I tried rook for the R clue and it didn't take. I got all pissy, looked it up on Wikipedia and saw that the rooks are slightly smaller. Well played Jetpunk
They peck on trees because that is woodpecker morse code. They send secret messages that way. I've actually cracked their code and have covertly listened in on some woodpecker conversations. They tell a lot of knock-knock jokes.
Funny, I tried that first too (just from the description, otherwise I had no clue), then tried common extensions for birds. Didn't have to try hard though as I got it straight on the first attempt. Lucky guess!
I wouldn't say magpies and ravens are merely "like" crows, given that they are crows; the word "crow" refers to the genus. I'm guessing you're comparing them with the carrion crow (which a lot of people just refer to as a crow), but a more accurate wording would be "A type of crow with black and white plumage" or "A large species of crow".
I thought this, and then checked. Corvidae is a family which contains crows, ravens, rooks, jackdaws, jays, magpies, treepies, choughs, and nutcrackers.
Do Yellowhammers sound like Beethoven's fifth? I always thought they went "Little-bit-of-bread-and-no-cheese" whereas Beethoven's 5th goes something like "Da-da-da-DAAA".
The many flamingos I saw in the extreme south of Patagonia would beg to differ with this quiz on being designated 'tropical'. Well they would if they could talk and had any concept of such things. But yeah, some flamingos may be found in the tropics, but the majority of their range is outside the tropics and in some cases waaaaay outside the tropics.
The stork-delivery story has been around for more than 100 years.
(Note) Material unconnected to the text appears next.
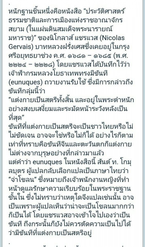 หลักฐานข้างบนนี้ ทำให้เห็นว่าขันที หรือที่เรียกว่า Eunuch(อ่านว่ายูนุค) มีอยู่จริงในราชสำนักอยุธยา    แต่งกายแบบเพศชาย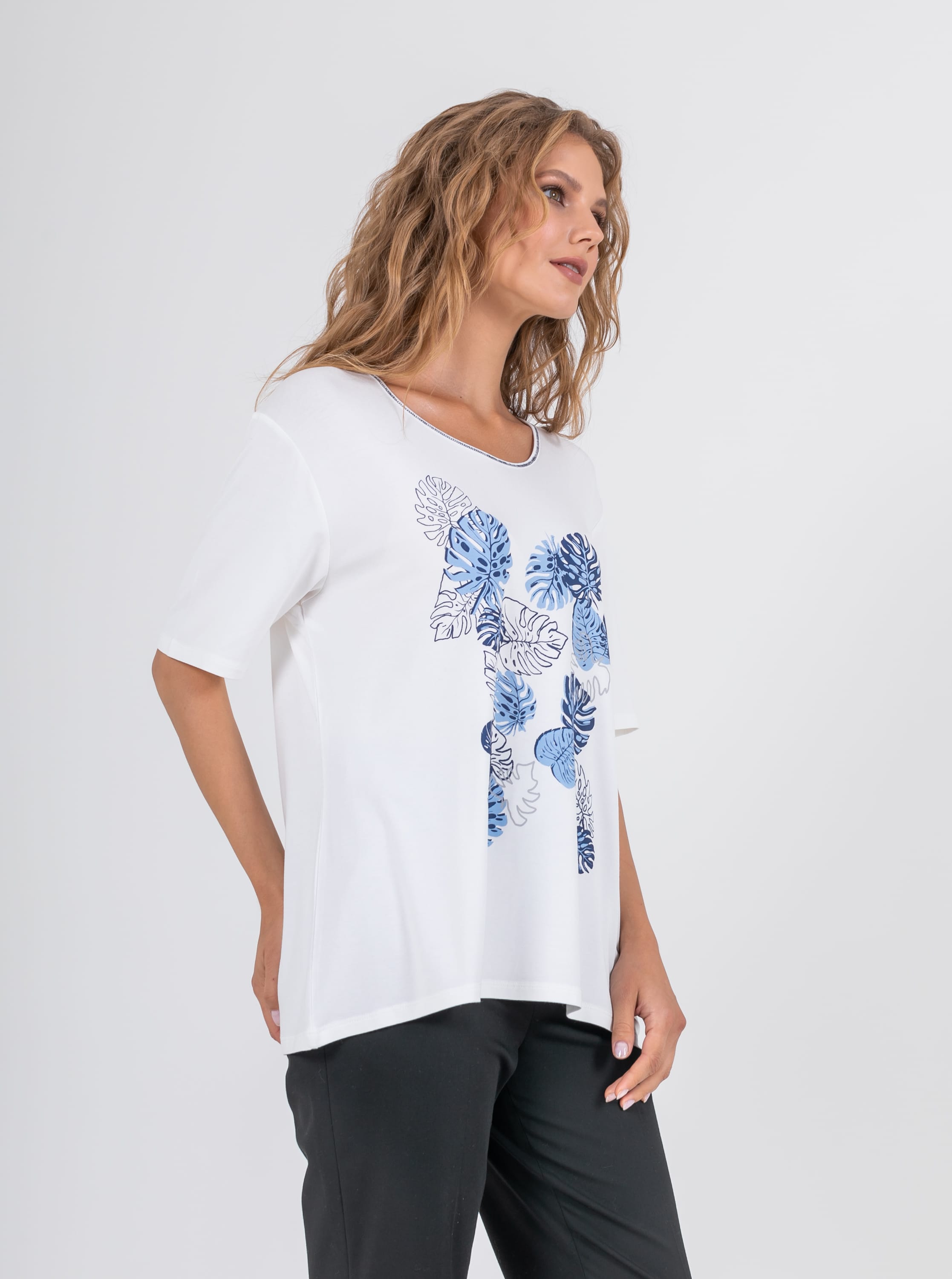 На сайте указаны российские размеры. Ткань: изготовлена из высококачественной вискозы (92%) – экологичного материала, хорошо пропускающего воздух и впитывающего излишки влаги, и эластана (8%), придающего ткани упругость. Крой: футболка удлиненная прямого силуэта с коротким свободным рукавом-регланом. Классическая модель с круглым вырезом – база, которая прекрасно смотрится на женщинах разного роста и комплекций. Обеспечивает максимальный комфорт, прекрасно садится по фигуре. Отделка: футболку украшает стильный принт с актуальными уже несколько сезонов монстерами. Вырез обрамляет контрастная синяя строчка-зигзаг, добавляющая образу оригинальности.

Even if you never heard it in real life, you could've learned it from, say, watching Dumbo in the 1940s.
zizizizizizi zeee – sounds more like a rusty bike chain than Beethoven's 5th to me.
For x you could look if you can find a good clue for a Xenops. It would probably be the least guessed of all these but at least you'd have a bird for every letter.
I saw "spectacular plumage" and immediately tried "Parrot." When it didn't work, I tried to figure out what else I could call the Norwegian Blue that would start with "P," and then the rest of the clue sunk in.
Yellowhammer, that would be "a little bit of bread and nooooo cheese!" Or maybe, "Bauer miet mich, Bauer, miet mich!" Beethoven's Fifth, that did not ring a bell!
For x you could look if you can find a good clue for a Xenops. It would probably be the least guessed of all these but at least you'd have a bird for every letter.
Oh, and cranes are waterfowl? That's news to me.
South American bird that starts with an X.